§ Your assignment
The task for the listing below is to write out exactly the lines starting at the one containing "400 OR 700 SHEET TOILET ROLLS &amp; DISPENSER" and ending at the one containing "Plate 7: Data", both included. Pictures are to be omitted.

§ Record set
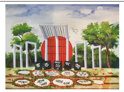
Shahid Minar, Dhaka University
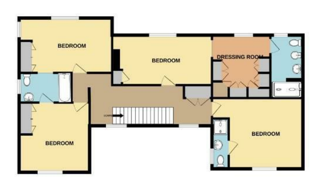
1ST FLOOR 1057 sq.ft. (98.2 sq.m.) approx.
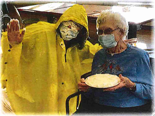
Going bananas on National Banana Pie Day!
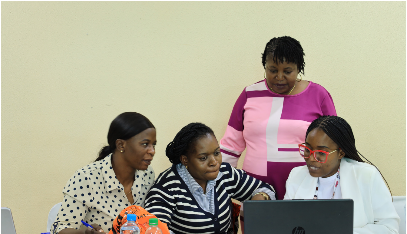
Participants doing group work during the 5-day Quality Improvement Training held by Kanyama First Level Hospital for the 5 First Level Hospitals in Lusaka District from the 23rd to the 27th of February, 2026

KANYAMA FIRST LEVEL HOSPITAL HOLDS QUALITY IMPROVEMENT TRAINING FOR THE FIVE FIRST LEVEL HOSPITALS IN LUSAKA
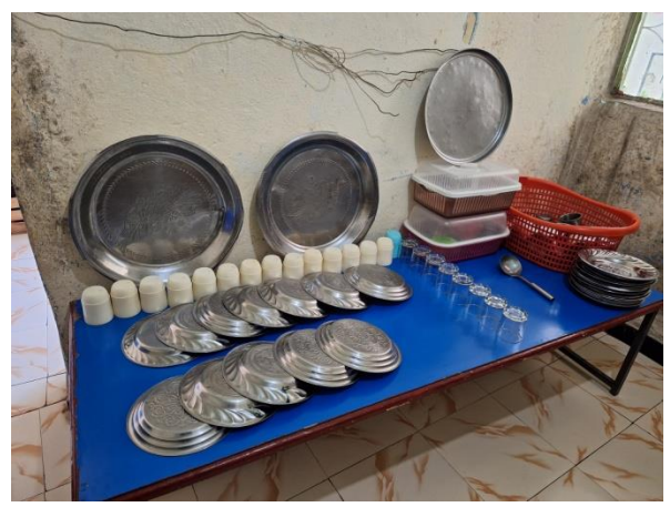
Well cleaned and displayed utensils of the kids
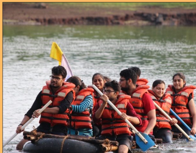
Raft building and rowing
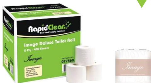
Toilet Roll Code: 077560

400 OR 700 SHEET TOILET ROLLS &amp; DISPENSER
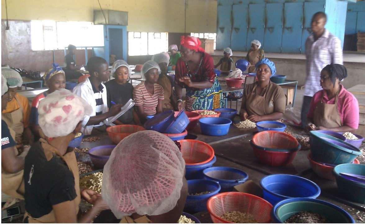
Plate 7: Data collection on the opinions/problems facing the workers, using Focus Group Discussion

---

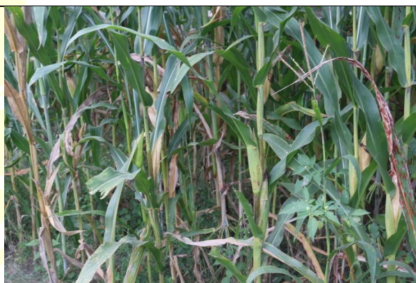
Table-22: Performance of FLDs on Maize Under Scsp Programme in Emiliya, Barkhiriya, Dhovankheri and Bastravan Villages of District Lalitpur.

§ Output below
400 OR 700 SHEET TOILET ROLLS &amp; DISPENSER
Plate 7: Data collection on the opinions/problems facing the workers, using Focus Group Discussion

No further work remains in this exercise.